A 2007 report from the National Energy Technology Laboratory (NETL) concluded that a $5 billion investment in a commercial-scale coal-to-liquid facility located near coal deposits would pay itself off with oil priced at just $61 a barrel, including the cost of equipment to capture and compress carbon dioxide for injection into a pipeline. The estimate does not include the cost of burying the carbon dioxide or transporting the fuel to its markets. At least two synthetic-fuel production facilities were planned in the US, by Rentech and Baard Energy, intended to capture carbon dioxide that is released during the synthesis process and use it in enhanced oil recovery by injecting it into nearby oil fields. But nothing happened.
Things may change now.
H.R.1540 -- National Defense Authorization Act for Fiscal Year 2012 passed House on 26 May 2011.

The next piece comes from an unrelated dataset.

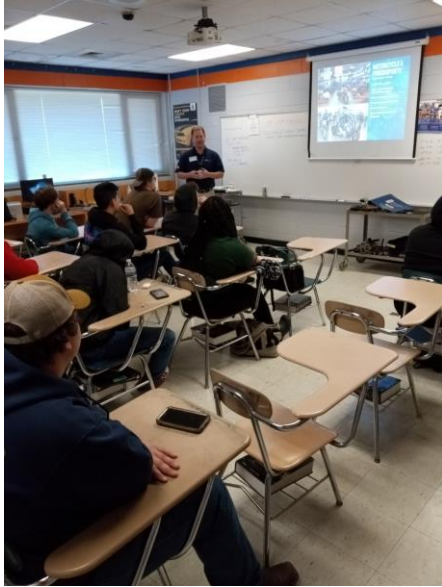
Nascar Institute- LHS Automotive

Section 526 of the Energy Independence and Security Act of 2007 (Public Law 110-140; 42 U.S.C. 17142) is amended by adding at the end the following: `This section shall not apply to the Department of Defense.'.

If the US in general and the US military forces in particular really want to reduce their dependence on imported fuel this amendment is a good was forward.

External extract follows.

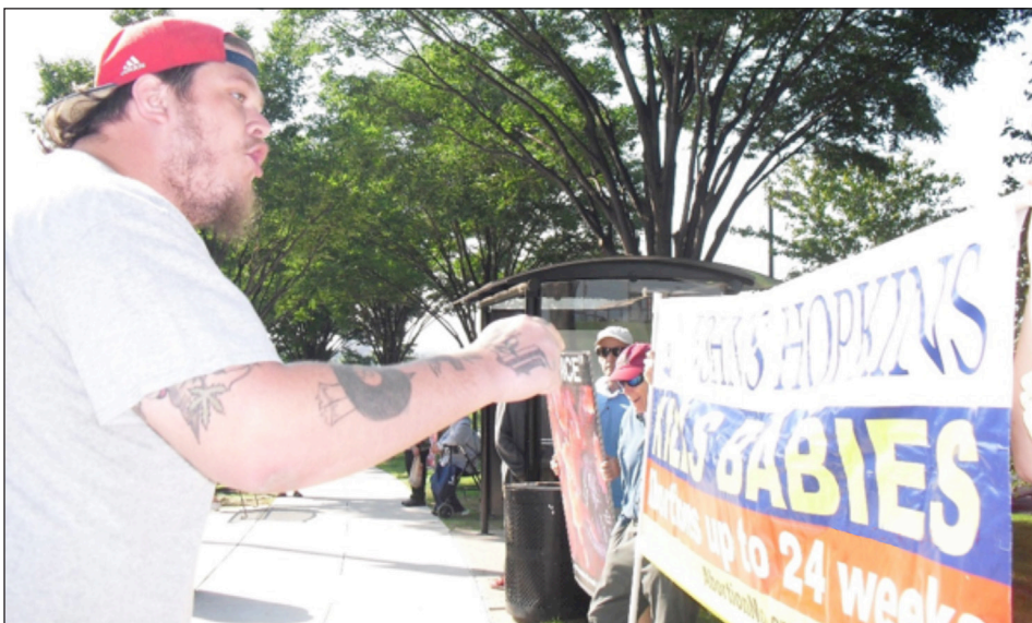
An angry passerby yells profanities at a sign holder at Defend Life's September 19 protest of abortions at Johns Hopkins Bayview.

Defend Life conducts protests against abortion at Johns Hopkins Bayview in Baltimore on the third Wednesday of each month.

But not many people think like that.

For instance, in their piece appeared in The Hill on 27 May 2011, retired Lt. General Norman R. Seip and co-founder of Environmental Entrepreneurs, Nicole Lederer, stress that
“Removing Section 526 would be a step backward for U.S. security and clean energy innovation (….) repealing Section 526 will sidetrack the process already underway at the Pentagon and simultaneously shatter any semblance of certainty in the commercial marketplace. Repeal would discourage innovation and force the military in to a deepening dependence on dirty fossil fuels with a giant price tag in lives and treasure. The military knows there are better options, and so does Congress. They should preserve Section 526.”
No Sir! This blind green mania and discrimination of alternative technologies based on dubious groundings must stop. Congress should go ahead with the change.